Data items
◇ ◇ ◇ ◇ ◇

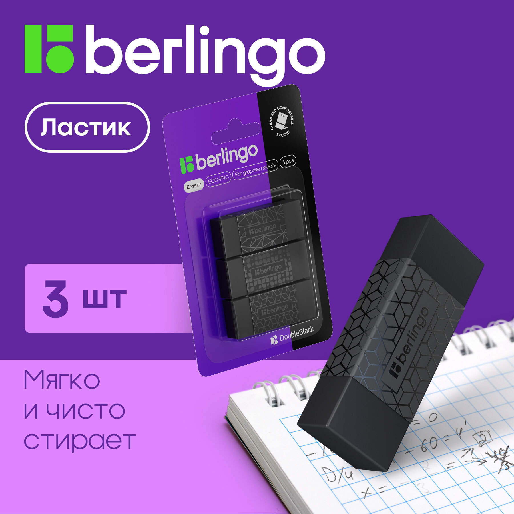 Купить Ластик Berlingo "DoubleBlack", 3шт, прямоугольные, 50*18*10мм, блистер
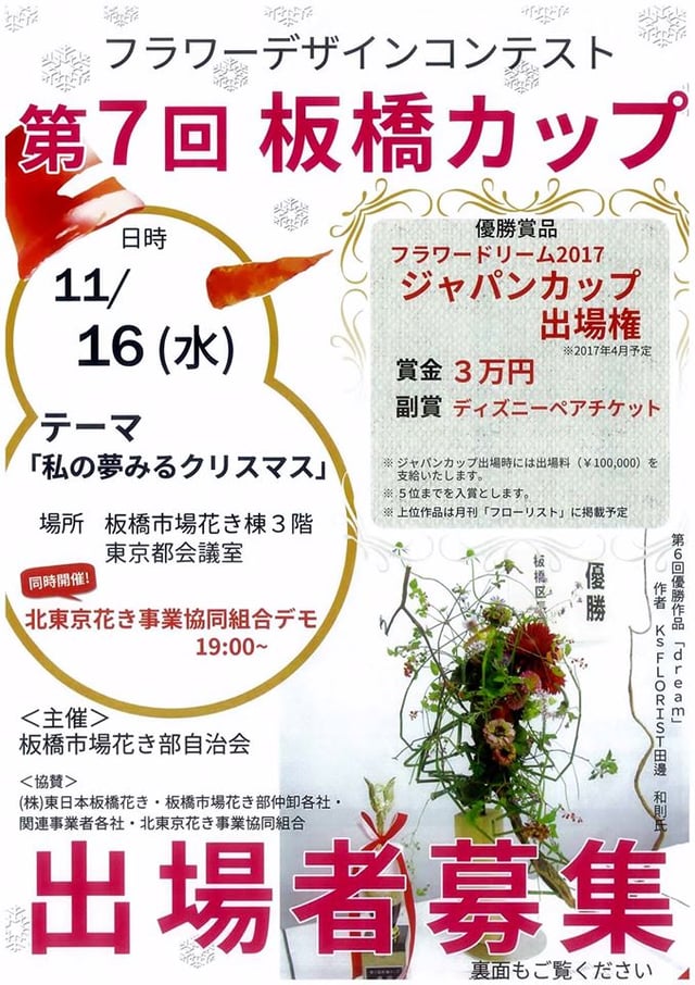 参加方法はチラシまたは東京都フラワー装飾技能士会ホームページよりお申込できます。
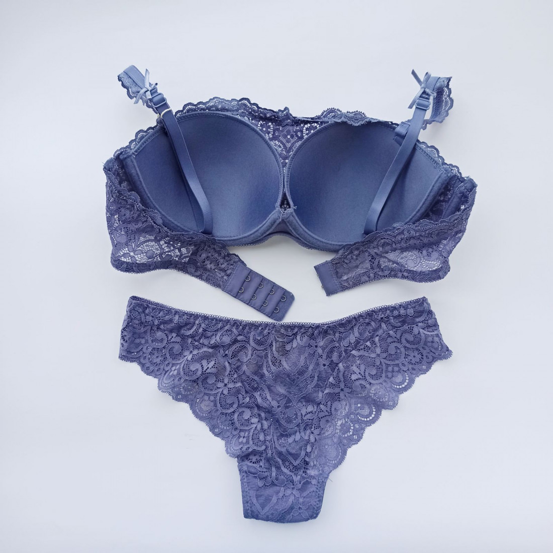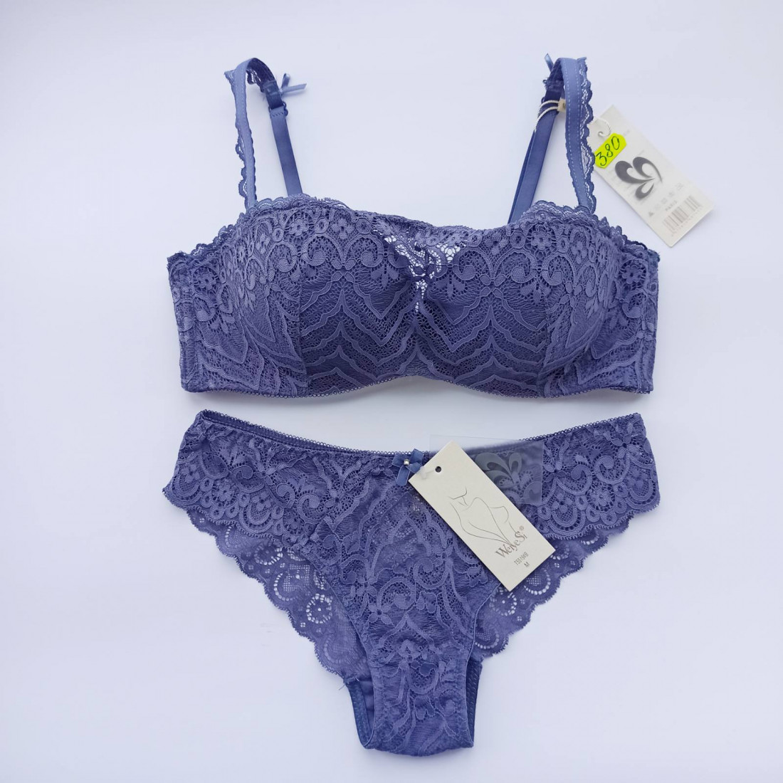 - бюстгальтер прикрашене мереживом на тонкому поролоні, створюється вигляд топа-бандо, знімні бретелі,спинка з мережива, застібка на чотири гачки в пдва рядки, спереду прикрашений мереживом та бантиком з підвіскою
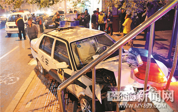 新晚报10月15日讯 昨19时许,道里区河润街102号门前,一台捷达警车失控驶上人行道,将路过此处的一名女子撞倒,随后女子被送往医院,车上男子被警方控制。事故原因正在调查中。
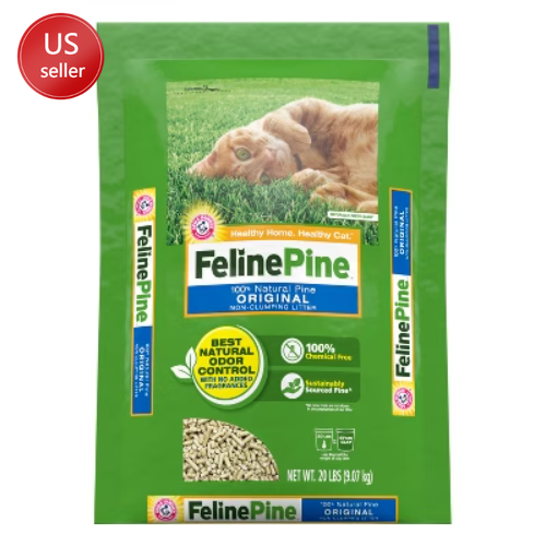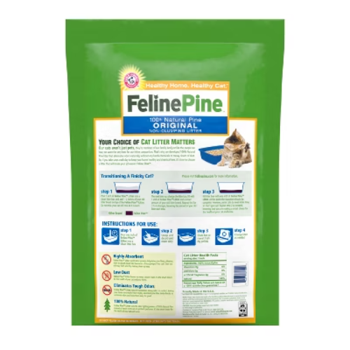 Description Odor control is important when it comes to your cat’s litter box, but you want a natural option for your feline companion. Feline Pine™ Non-Clumping Pine Pellet Litter delivers the best natural odor control with no added fragrances, no synthetic perfumes and no harsh chemicals. It’s responsibly made from highly absorbent, sustainably sourced natural pine shavings only from reclaimed lumber (no new trees cut down) that neutralize odor on contact. Its absorbent pine fibers work like thousands of tiny sponges to soak up liquid and lock away odors in your kitty litter box. Its natural odor-eliminating pine shavings are a litter choice that’s gentle on kitty’s paws. It’s also low dust and lightweight—less than half the weight of clay litter and leaves no messy cloud of dust. highlights NATURAL WITH NO HARSH CHEMICALS. This natural non-clumping cat litter is an effective odor eliminator that’s made with simple plant-based ingredients like natural pine shavings. It uses the odor fighting power of Natural Pine instead of harsh chemicals or synthetic perfumes. BEST NATURAL ODOR CONTROL WITH NO ADDED FRAGRANCES. Naturally keep your kitty litter box fresh because its natural pine fibers lock away ammonia odors and neutralize them on contact. Eliminate the toughest odors with plant based ingredients instead of harsh chemicals or synthetic perfumes. HIGHLY ABSORBENT PINE LOCKS AWAY ODORS. The pine shavings in this lightweight non-clumping cat litter work like thousands of tiny sponges to soak up liquid and lock away ammonia odors to keep the litter box fresh and dry. LIGHTWEIGHT so changing and refilling the cat litter box is fast and easy. That’s because this absorbent non-clumping kitty litter is natural and less than half the weight of clay litter, and leaves no messy cloud of dust. TOUGH ON ODORS, GENTLE ON PAWS. Made from lightweight pine shavings that are sustainably sourced from reclaimed pine lumber with no new trees cut down. This natural non-clumping cat litter is also a safe litter choice that’s gentle on kitty’s paws.
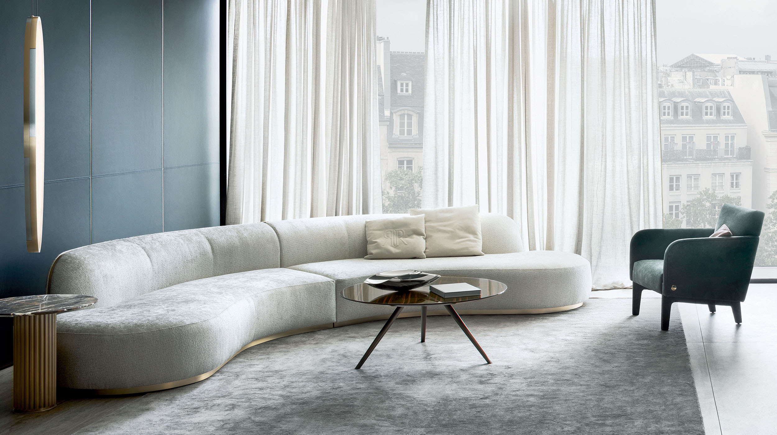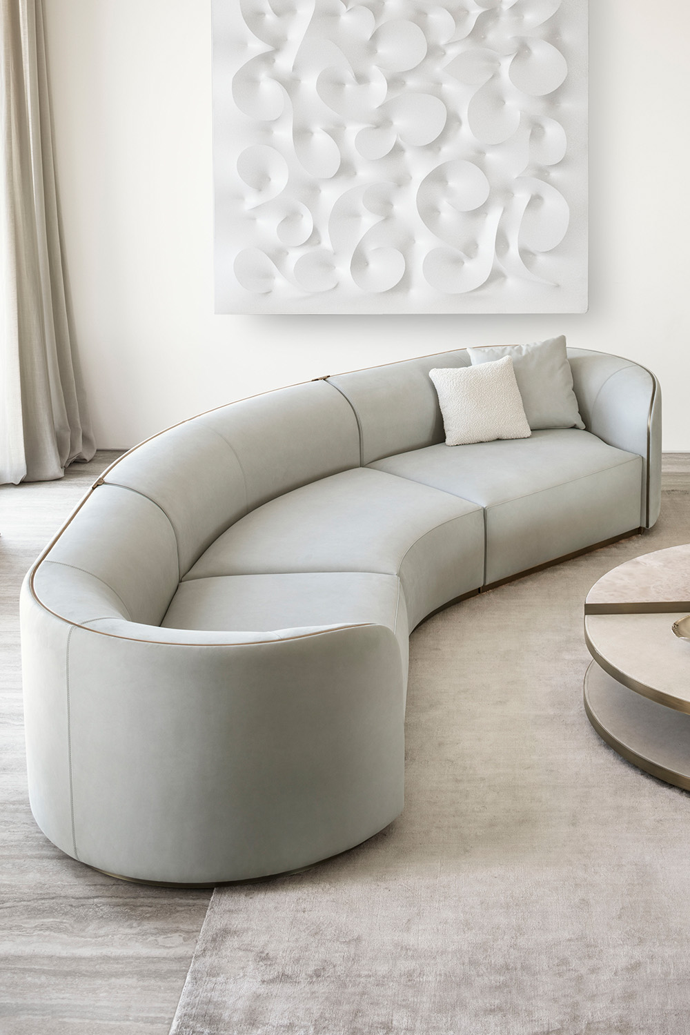 Range of modular sofas. Curved end-modules and corner-modules help create unique and sinuous compositions.
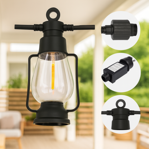 Создайте уютную атмосферу с уличной гирляндой «Лампы подвесные» SFK-49 – стильным и практичным решением для оформления террас, кафе, беседок и фасадов домов.
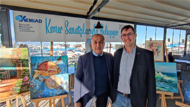 Kemer Turizmci ve İş Adamları Derneği (KEMİAD) tarafından düzenlenen sanatçılar buluşması etkinliği devam ediyor. Kemer Marina'da yer alan Shakespeare Kafede düzenlenen etkinlikte Kemer'de yaşayan sanatçılar bir araya geldi. Toplam 16 yazar, 6 ressam ve 8 farklı kategoride sanatçının katıldığı etkinliğin ikinci gününde, Hacettepe Güzel Sanatlar Resim Bölümü Yüksek Lisans mezunu Kemer Belediye Meclis Üyesi Hasan Ali Acar da sanatçılarla bir araya gelerek, bilgiler aldı.
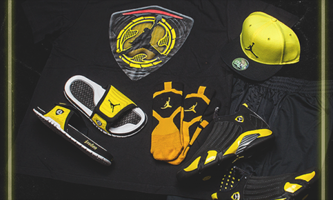 Thunder雷公配色方案重出江湖,使用在Air Jordan 14之上,打造出全新Air Jordan 14Thunder鞋款。黑色牛巴革鞋身搭配明黄色细节,中底及鞋舌处辅以银色点缀,令鞋款低调却不失亮点。据悉,
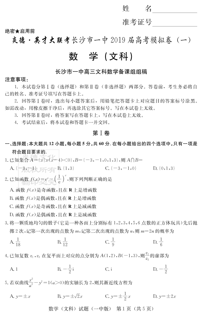 【文數(shù)】炎德英才大聯(lián)考2019長沙一中高三10次月考(模擬一)

◇ ◇ ◇ ◇ ◇

The reply should hold the lines from the top of the records through the line containing "新晚报10月15日讯 昨19", reproduced exactly, and no pictures.

 Купить Ластик Berlingo "DoubleBlack", 3шт, прямоугольные, 50*18*10мм, блистер
 参加方法はチラシまたは東京都フラワー装飾技能士会ホームページよりお申込できます。
 - бюстгальтер прикрашене мереживом на тонкому поролоні, створюється вигляд топа-бандо, знімні бретелі,спинка з мережива, застібка на чотири гачки в пдва рядки, спереду прикрашений мереживом та бантиком з підвіскою
 新晚报10月15日讯 昨19时许,道里区河润街102号门前,一台捷达警车失控驶上人行道,将路过此处的一名女子撞倒,随后女子被送往医院,车上男子被警方控制。事故原因正在调查中。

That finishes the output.